Действительно, если традиционное общество имело дело с реальными социальными группами (Gemeinschaft), к которым и привязывал себя человек в своей жизнедеятельности, то современность добавила к этому виртуальные группы, объединенные образом «единой культуры». Такие группы и получили название этнических. К ним вполне применим термин Б. Андерсона «воображаемые сообщества». И дело не только в том, что такие группы чаше всего настолько велики по своим размерам, что человек не в состоянии объять их своим взором; он способен осознать их наличие лишь в своем воображении. Еще важнее тот факт, что их культурная основа весьма аморфна, ибо, складываясь из многих различных компонентов (язык, религия, фольклор, поведенческие стереотипы, хозяйственная система и пр.), культура в каждом конкретном контексте может пониматься весьма по-разному, а соответственно по-разному может конструироваться и культурная общность. При наличии у культуры сложной структуры людям всегда предоставляется выбор, какой именно ее компонент положить в основу своей этнической идентичности. Поэтому-то мы и встречаемся с ситуациями, когда одни этничности апеллируют к общности языка, другие — к общности религии, третьи — к специфической хозяйственной деятельности, четвертые — к общему прошлому и общим переживаниям и т. д. При этом с изменением окружающей обстановки возможен и перенос акцента с одного компонента на другой, что обнаруживает высокую адаптивную способность этничности. Об этом, в частности, свидетельствует многозначность этнонима. Когда-то я уже писал, что «многозначность этнонима должна восприниматься не как досадная помеха, мешающая исследователям создавать логически стройные системы этнических категорий, а как имманентно присущее ему качество, повышающее способность к адаптации в меняющейся социальной обстановке» (Шнирельман 1992. С. 230). То же самое, очевидно, относится и к образу культуры.

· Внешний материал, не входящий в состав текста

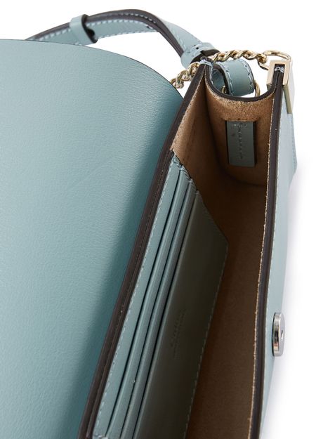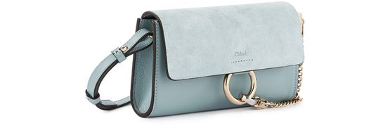 Ever more compact, the Faye small bag's attractive features are offered in a clutch version. In smooth and suede calfskin, this new Chloé bag has the fashion house's iconic closure on its flap that is easily recognizable by its oversized metallic ring and signature suspended chain. Take this season to try out pastel and nude colors with this small flap bag that can be worn...
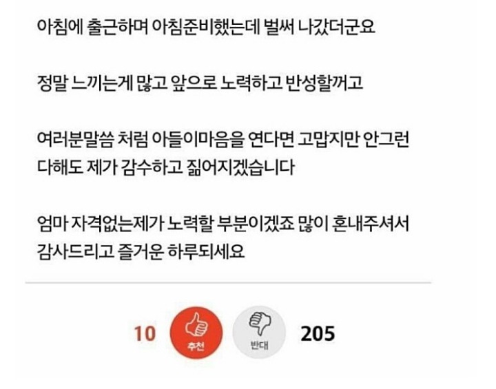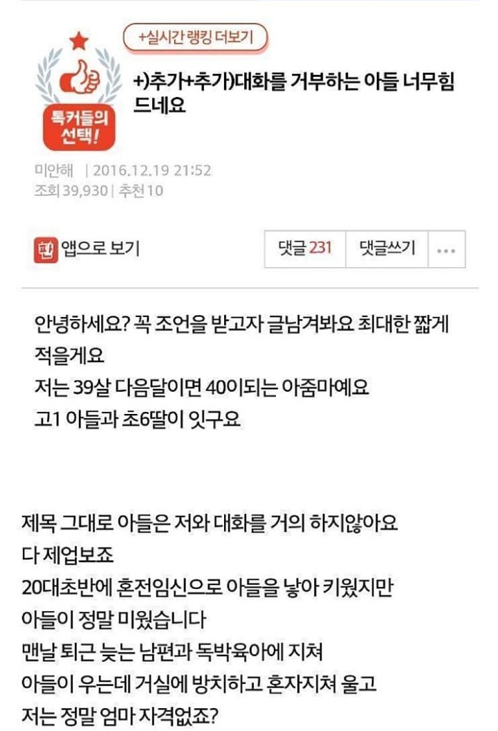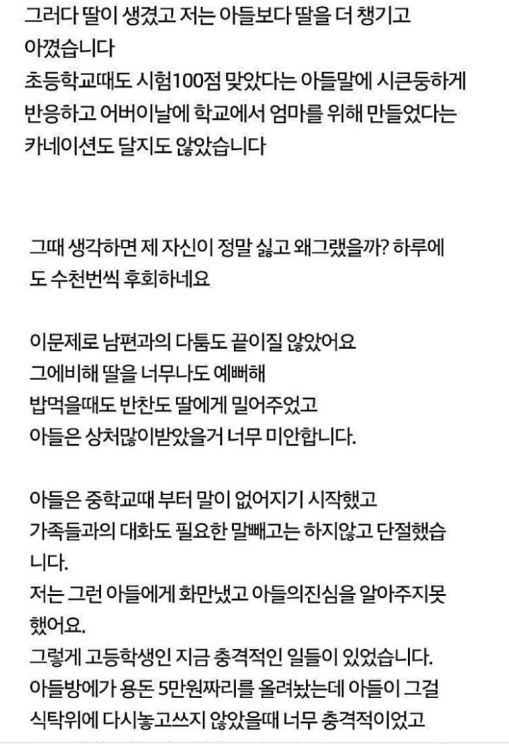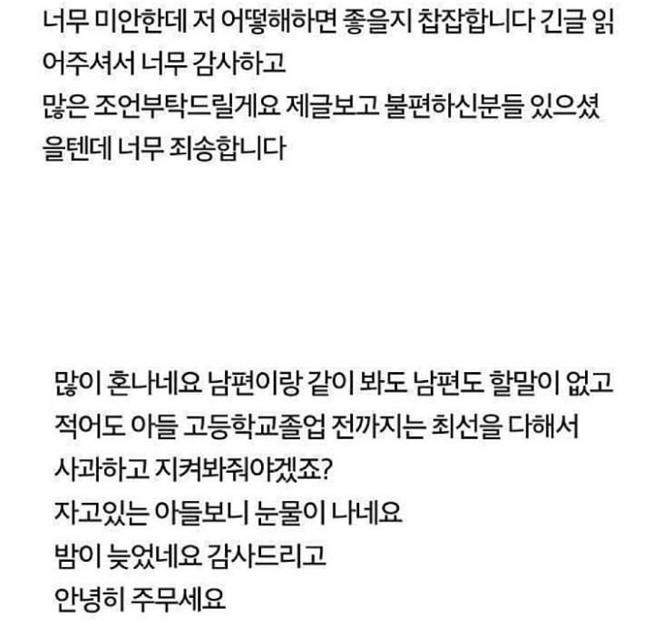 작성자dime 작성시간 18.03.24 안타깝지만 관계회복은 이미 늦었습니다. 크게 엇나가지 않은 아들분이 너무 장합니다.
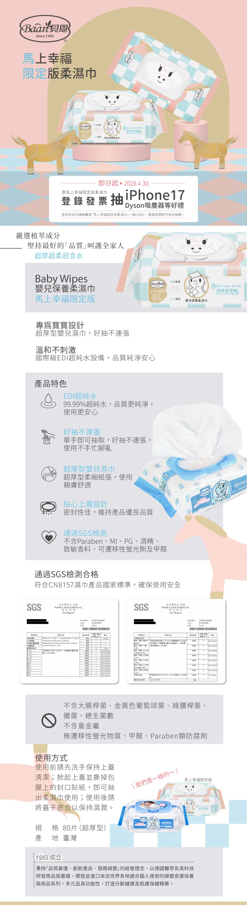 品號 1570030200022品名 台灣 Baan 貝恩 限定版馬上幸福嬰兒保養柔濕巾(80抽/24入)【公司宅配】【安琪兒婦嬰百貨】
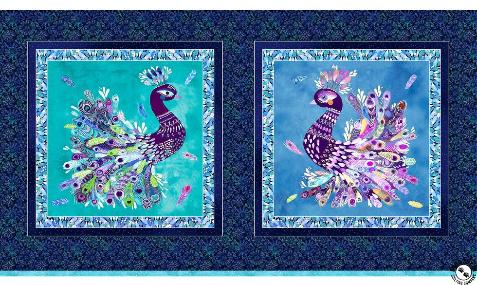 Eulalia Mejia's artwork simply shines in her new Peacock Serenade fabric collection. The large panel blocks feature regal peacocks created in Eulalia's unique style. The cool-toned color palette lends itself to a combination of prints and textures to create this beautifully, complete collection. Two beautiful free quilt patterns are available to inspire you.
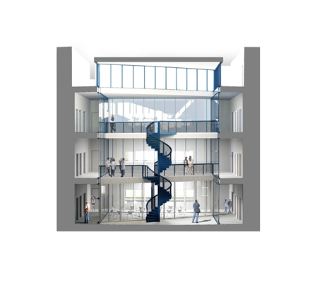 Door de kantoorunits en gemeenschappelijke ruimtes strategisch te verdelen over het gebouw, moeten ontmoeting en kennisuitwisseling worden gestimuleerd. Een centrale rol wordt hierbij weggelegd voor het restaurant en het vergadercentrum.
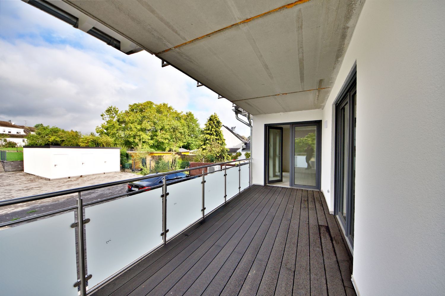 - Balkongeländer aus Edelstahl mit satiniertem Glas
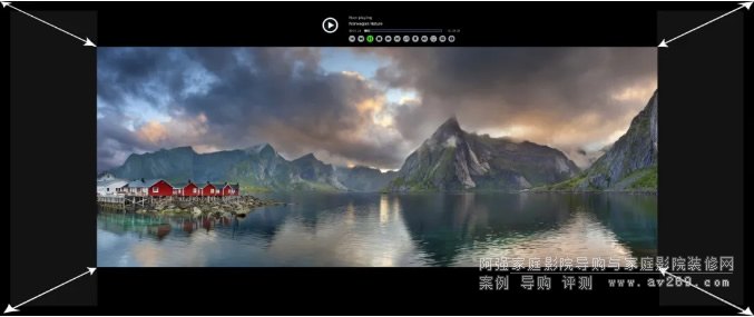 1,原始比例顯示,這樣幕布左右會留出空白。這種方案的優(yōu)點是:16:9的素材完全顯示,且比例正確。如果不喜歡左右黑邊,可以配合左右遮幅幕。

Но если для современного человека этничность ассоциируется с тем или иным образом культуры, то для человека традиционного главным была вовсе не культура, а семейно-родственные или родо-племенные связи, которые и определяли его место в социуме. Хотя восприятие «других» в терминах «иной культуры» широко наблюдалось еше в глубокой древности и было характерно для традиционных обществ, идентификация себя самого прежде всего с «культурной общностью» — это новое явление, возникшее только после распада традиционных социальных связей. Все это позволило Р. Хэндлеру заявить, что «этнография заставляет использовать понятие "идентичность" только для истории современного мира» (Handler 1994. Р. 34). Действительно, индийский ученый подтверждает, что понятие «этническая группа» являет-ся европейским изобретением, неизвестным в традиционной Индии (Parckh 1995. Р. 42). С этой точки зрения никакой этничности в традиционных обществах не было, и если сегодня «традиционные группы» выглядят «этническими», то лишь потому, что им удается переосмысливать свои идентичности, используя особенности новых интеллектуальных технологий (Boyarin 1994. Р. 14-15; Lowenthal 1994. Р. 45; Rowlands 1994). Вот почему говорить о какой-либо объективной «этнической истории», уходящей в глубь веков, не представляется возможным. Поэтому-то традиционные фольклорные источники, привязанные отнюдь не к этническим, а к отдельным семейно-клановым группам, сплошь и рядом оказываются бессильными в деле восстановления общего «этнического» прошлого. Гораздо более пригодными для этого представляются такие современные науки, как археология, лингвистика, физическая антропология, этнология. Именно они с помощью научных технологий реифицируют этничность, наделяя ее объективизированным прошлым. По словам М. Роулендса, «археология внесла большой вклад в формирование примордиалистского подхода к идентичности» (Rowlands I994. Р. 136), ибо, отождествляя древнюю материальную культуру с якобы объективной «культурной общностью», она придавала запредельную историческую глубину современным этническим группам.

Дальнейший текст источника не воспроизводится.